The mobile microgrid also includes a 6.5 kW diesel generator in case “all else fails,” Kom said, and Ames Electric Services is also looking at adding a small wind turbine to the equipment.
The project was developed by the Electric Power Research Center (EPRC) at Iowa State University and its partners, SunCrate and PowerFilm Solar for the Iowa Army National Guard.
Funding came from the National Guard and the Iowa Economic Development Authority.
The National Guard was interested in finding a way to have power at remote locations.
Even though the mobile microgrid was designed for uses such as emergency outages, in its current location it can be used by the public to charge electric vehicles. It is sited and in operation on a utility lot at the end of Main St. in Ames.
Kom said Ames Electric intends to add an electric vehicle charger to the box and begin offering electricity to EV owners.
“We want to use it as much as possible otherwise it is bad for the batteries,” Kom said. The mobile microgrid will provide a valuable test site for the performance and operation of the equipment and will also provide visibility for the microgrid and the renewable energy technology. “We are hoping that the public will come and check it out and plug stuff in,” Kom said. “This is a win-win for the both the project creators and the public. The site offers great visibility and opportunity for public education.”
“One of things we are trying to do is see how long the batteries last,” Kom said. “We are going to load it up as much as we can. We are going to put it through its paces.” The mobile microgrid is expected to stay on its current site for six to nine months. Ames Electric intends to collect data from the unit and share it with the EPRC, which can use it to make improvements and produce a second generation of the unit.

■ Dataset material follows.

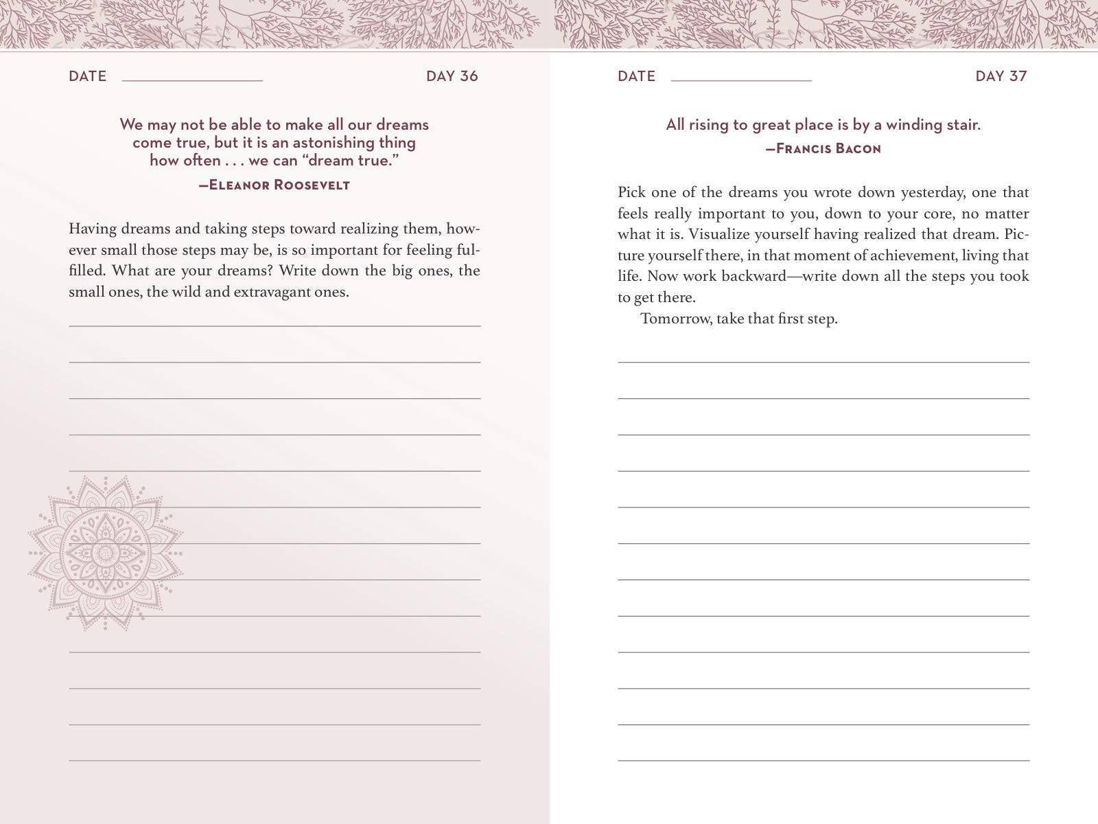 With 366 days of inspiring prompts, exercises, and tips on self-care, this beautiful gilded journal can help you focus holistically on your journey to become the best you—body, mind, and soul. When you truly understand yourself and your needs, you've taken the first steps to mastering self-care. This attractive journal, created by self-help author Mary Flannery, offers daily words of wisdom from inspiring figures throughout history—from Virgil to Eleanor Roosevelt—along with reflective prompts, advice, and creative exercises to help you develop mindfulness about your daily habits. Chart the things you can do every day to better love and appreciate yourself—from the simplest, such as embracing movement, repeating an affirmation, or focusing on your breathing, to the more profound, such as journaling to let go of negative thoughts, and making mindful lists of the good things in your life. Hardcover book, padded, with printed laminated cover; 4 x 6 inches; 376 pages.

Kom said he also sees a potential benefit for the utility having a mobile microgrid. In August, Ames Electric was hit by a derecho that left some customers without power for up to a week. It would have been “a huge benefit” to have a mobile unit that could have provided power for customers to charge cell phones and other essential equipment, as well as providing a focal point from which the utility could disseminate information for customers, Kom said.
Separately, Ames Electric is preparing to go live with its first community solar project just before Christmas. Ames Electric is selling shares – what it calls Power Packs – in the 2.2 megawatt (MW) solar farm to its customers. Each share requires a $300 one-time investment and represents 175 watts of capacity.
Share owners will receive monthly credits on their utility bill, expected to be about $1 per month, based on the electrical output of the solar farm. Ames estimates customers could earn back their investment in 16 or 18 years, depending on how much the sun shines. About one-third of the shares will likely go to Iowa State University. Ames Electric would use the solar output not taken up by share owners to feed into its grid.
Ames Electric is also a recipient of an award stemming from a settlement with Volkswagen and is using the money to install at least two level-three electric vehicle chargers on Interstate 35.